Cette merveille date de 1948, soit au tout début des aventures de "Tweety" et de sa rivalité avec le chat Sylvester. Pourtant ce dernier (dont il est aisé de voir qu'il est le véritable anti-héros de ces aventures dont le canari de Satan est en fait le protagoniste maléfique) a eu au cours des années 40 tout une vie, apparaissant au gré de l'inspiration de Freleng, et même parfois de Chuck Jones, dans des courts métrages qui sortent de l'ordinaire. Et Back alley oproar est sans doute le plus beau, le plus drôle et donc le plus accompli de ceux-ci. Sylvester y incarne un chat qui a décidé de donner de la voix en pleine nuit.
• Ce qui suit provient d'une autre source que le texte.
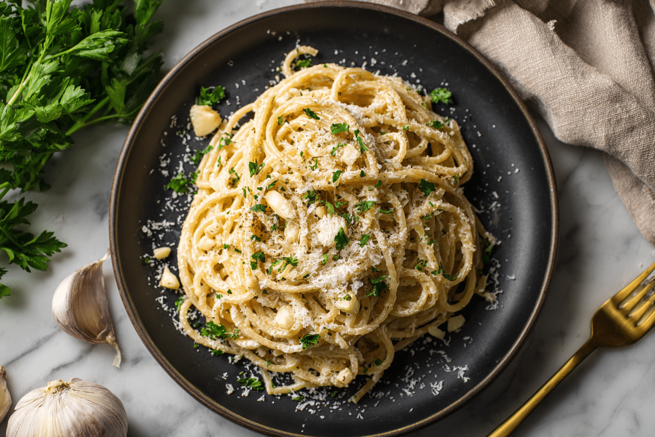 Heavy cream is added toward the end of cooking to create the signature creamy texture. It softens the intensity of the garlic and broth while giving the sauce a velvety finish. For a lighter version, half-and-half can be used.
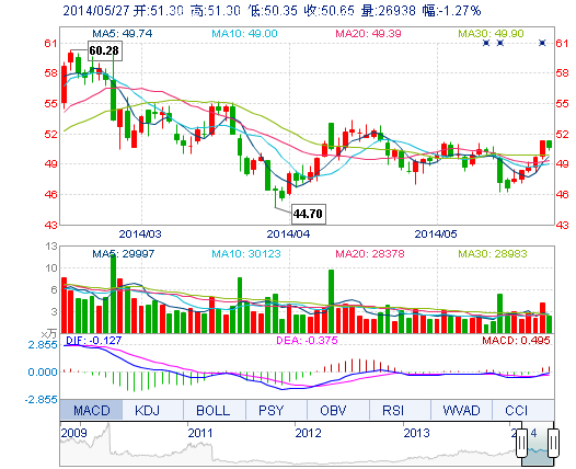 | 最 高: | 51.30 | 成交額: | 1.37億元 | 換手率: | 0.93% |
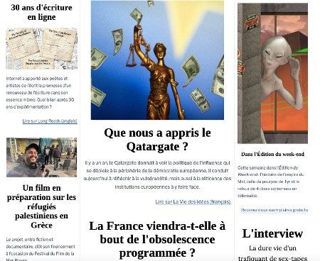 Et sur le Fil PostAp : les leçons européennes du Qatargate, l’histoire de l’écriture en ligne, un projet de film sur les réfugiés climatiques en Grèce, une nouvelle émission sur la stratégie internationale, l’interview d’un trafiquant de sex-tapes, et le portrait d’une activiste française qui veut la peau de l’obsolescence programmée.
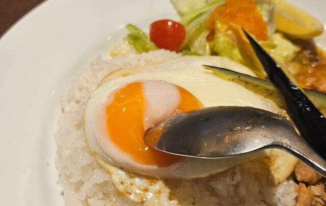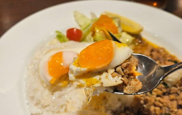 お肉とごはんを黄身をいいバランスでスプーンでとって食べるのが最高です!
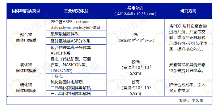 電解質(zhì)三個(gè)技術(shù)路線對(duì)比
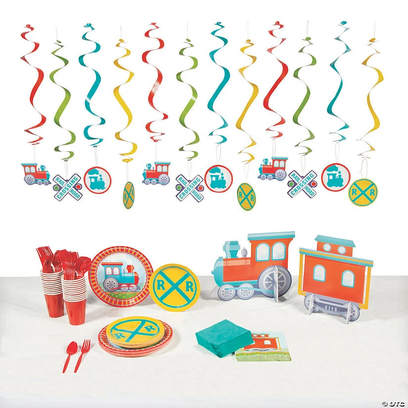 This decorations and tableware set is perfect for a little train enthusiast’s birthday party! A great addition to your party supplies, this party pack includes tableware for up to eight guests and enough train-related images to keep your celebration on track! (137 pcs. per unit) Simple assembly required. Β© OTCIncludes:β’ 1 Plastic White Tablecloth (54″ x 108″)β’ 24 Real Red Paper Cups (3 3/4″ 9 oz.)β’ 8 Red Plastic Forks (6 1/2″)β’ 8 Red Plastic Spoons (6″)β’ 50 Paper Teal Lagoon Beverage Napkins (5″)β’ 2 Foam 3D Train Centerpieces (1 engine and 1 caboose, 10″ -12″ x 10″ -11″)β’ 8 Paper Dessert Plates (7″)β’ 8 Paper Dinner Plates (9″)β’ 12 Cardstock Train Hanging Swirls (assorted designs, hangs approx. 27″ with 4″ cutouts)β’ 16 Paper Luncheon Napkins (6 1/2″)
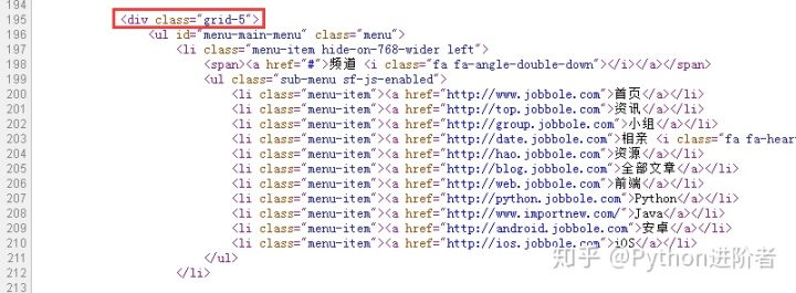 如上图中的红色框框中,class为属性,而等于号后边的“grid-5”即为属性值,有的时候节点内不只是一个属性,如上图中的196行中,就有两个属性。

On le sait, dans la vraie vie ce genre de péripétie est lié à la vie sexuelle intense du personnage, mais dans ce dessin animé, on voit la chose de deux points de vue différents: d'une part, on constate avec Elmer Fudd, très fatigué, que si cette saleté de chat tient tant à se faire entendre, ce ne peut être que pour l'empêcher de dormir lui personnellement; d'autre part, le chat en question est d'humeur lyrique, et souhaite donc nous faire profiter de son répertoire... Qui est vaste, de l'aria du Barbier de Séville de Rossini, à la chanson Moonlight bay (relativement récente), en passant par à peu près tout et n'importe quoi, dont une chanson "à la Spike Jones"...
Le film est une suite ininterrompue et réjouissante de variations sur ce présupposé, le type de structure qu'aimait tant Freleng, et lui permet de donner libre cours à deux de ses péchés mignons: d'une part, les gags liés à la musique, impliquant danse et millimétrage du mouvement; d'autre part, les gags qui gardent une réalité physique, que Freleng privilégiait le plus souvent à des délires surréalistes comme ceux que pouvaient parfois se permettre Clampett, Avery ou Jones. L'animateur John Kricfalusi, admirateur de Clampett, passe son temps à dire que les cartoons du vieux Friz sont mièvres, mais ce parti-pris de voiler l'animation d'une certaine dose de réalisme n'est pas sans déchaînement de violence... Je pense en particulier à la façon dont Elmer doit, plusieurs fois, traverser un champ de punaises pieds nus, sans jamais penser à faire un détour. Aïe.
Notons pour finir que ce film est un remake (supérieur à l'original) de l'un des rares Looney tunes en noir et blanc de Freleng, Notes to you... Elmer Fudd remplace le protagoniste principal, Porky Pig, et celui-ci avait une confrontation avec un chat anonyme: Sylvester a tellement de personnalité, et Mel Blanc prend un tel plaisir à massacrer des chansons avec l'inoubliable problème de diction du chat, que franchement le choix n'est pas difficile entre les deux films.